I'm asking the same question here that I've already asked on msdn forums http://social.msdn.microsoft.com/Forums/en-US/netfxnetcom/thread/70f40a4c-8399-4629-9bfc-146524334daf
I'm consuming a (most likely Java based) Web Service with I have absolutely no access to modify.

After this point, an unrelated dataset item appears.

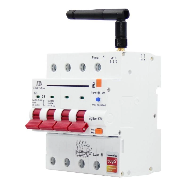 • Disjuntor trifásico 10-63A com interruptor diferencial, medição de consumo, 3P+N, Zigbee 3.0, destinado a circuitos de corrente alternada 50/60 Hz com tensão nominal de 230/400 V e corrente de comutação de 10A, 32A, 40A, 50A, 63A.

It won't be modified even though I would ask them (it's a nation wide system).
I've written the client with WCF. Here's some code:
CustomBinding binding = new CustomBinding();
AsymmetricSecurityBindingElement element = SecurityBindingElement.CreateMutualCertificateDuplexBindingElement(MessageSecurityVersion.WSSecurity10WSTrustFebruary2005WSSecureConversationFebruary2005WSSecurityPolicy11BasicSecurityProfile10);
element.AllowSerializedSigningTokenOnReply = true;
element.SetKeyDerivation(false);
element.IncludeTimestamp = true;
element.KeyEntropyMode = SecurityKeyEntropyMode.ClientEntropy;
element.MessageProtectionOrder = System.ServiceModel.Security.MessageProtectionOrder.SignBeforeEncrypt;
element.LocalClientSettings.IdentityVerifier = new CustomIdentityVerifier();
element.SecurityHeaderLayout = SecurityHeaderLayout.Lax;
element.IncludeTimestamp = false;
binding.Elements.Add(element);
binding.Elements.Add(new TextMessageEncodingBindingElement(MessageVersion.Soap11, Encoding.UTF8));
binding.Elements.Add(new HttpsTransportBindingElement());
EndpointAddress address = new EndpointAddress(new Uri("url"));
ChannelFactory<MyPortTypeChannel> factory = new ChannelFactory<MyPortTypeChannel>(binding, address);
ClientCredentials credentials = factory.Endpoint.Behaviors.Find<ClientCredentials>();
credentials.ClientCertificate.Certificate = myClientCert;
credentials.ServiceCertificate.DefaultCertificate = myServiceCert;
credentials.ServiceCertificate.Authentication.CertificateValidationMode = X509CertificateValidationMode.None;
service = factory.CreateChannel();
After this every request done to the service fails in client side (I can confirm my request is accepted by the service and a sane response is being returned)
I always get the following exception
MessageSecurityException: The security header element 'Timestamp' with the '' id must be signed.
By looking at trace I can see that in the response there really is a timestamp element, but in the security section there is only a signature for body.
Can I somehow make WCF to ingore the fact Timestamp isn't signed?